**YOUR OBJECTIVE**
The reply should hold every line of the listing exactly, and none of its images.

**SOURCE DATA**
++++++++++++++++++++

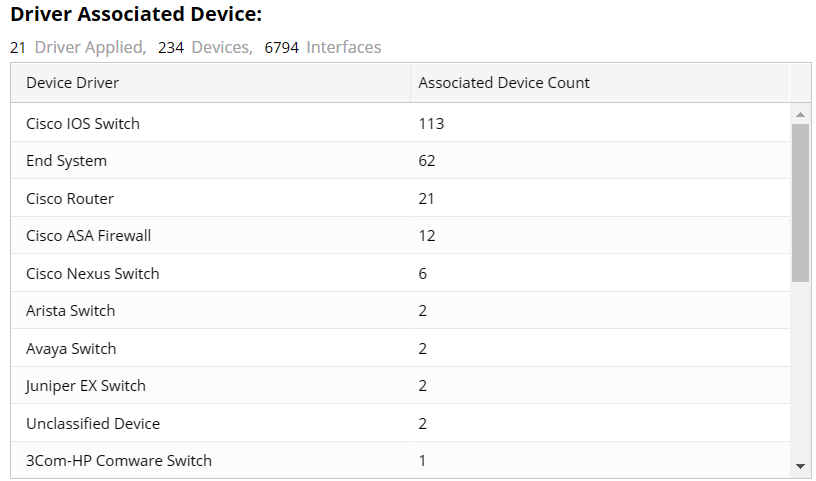 The following table displays the count of devices discovered by corresponding drivers. The device driver defines the method of retrieving and parsing device data during live access.
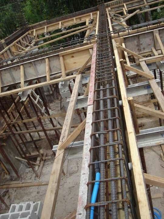 Aplicação: Usadas em todos os tipos de construção, desde casas até edifícios de grande porte. As vigas recebem e distribuem as cargas provenientes das lajes e paredes, transmitindo-as para as colunas e fundações.
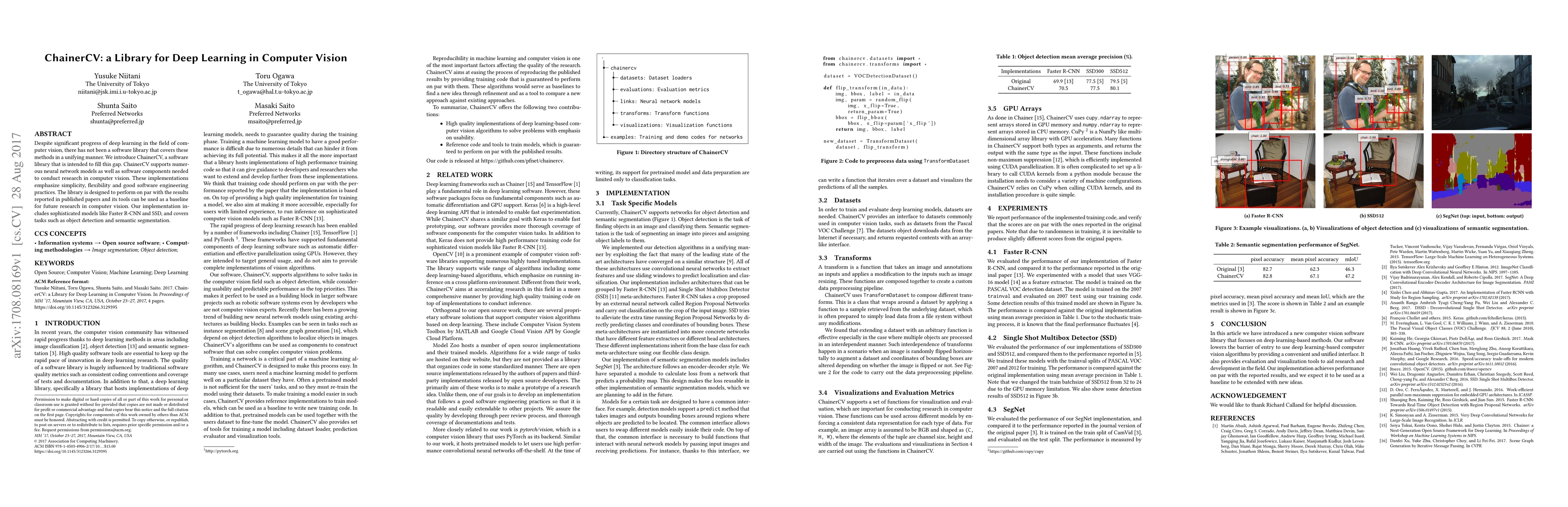 Despite significant progress of deep learning in the field of computer vision, there has not been a software library that covers these methods in a unifying manner. We introduce ChainerCV, a software library that is intended to fill this gap. ChainerCV supports numerous neural network models as well as software components needed to conduct research in computer vision. These implementations emphasize simplicity, flexibility and good software engineering practices. The library is designed to perform on par with the results reported in published papers and its tools can be used as a baseline for future research in computer vision. Our implementation includes sophisticated models like Faster R-CNN and SSD, and covers tasks such as object detection and semantic segmentation.

++++++++++++++++++++

**FINISHED EXERCISE**
 The following table displays the count of devices discovered by corresponding drivers. The device driver defines the method of retrieving and parsing device data during live access.
 Aplicação: Usadas em todos os tipos de construção, desde casas até edifícios de grande porte. As vigas recebem e distribuem as cargas provenientes das lajes e paredes, transmitindo-as para as colunas e fundações.
 Despite significant progress of deep learning in the field of computer vision, there has not been a software library that covers these methods in a unifying manner. We introduce ChainerCV, a software library that is intended to fill this gap. ChainerCV supports numerous neural network models as well as software components needed to conduct research in computer vision. These implementations emphasize simplicity, flexibility and good software engineering practices. The library is designed to perform on par with the results reported in published papers and its tools can be used as a baseline for future research in computer vision. Our implementation includes sophisticated models like Faster R-CNN and SSD, and covers tasks such as object detection and semantic segmentation.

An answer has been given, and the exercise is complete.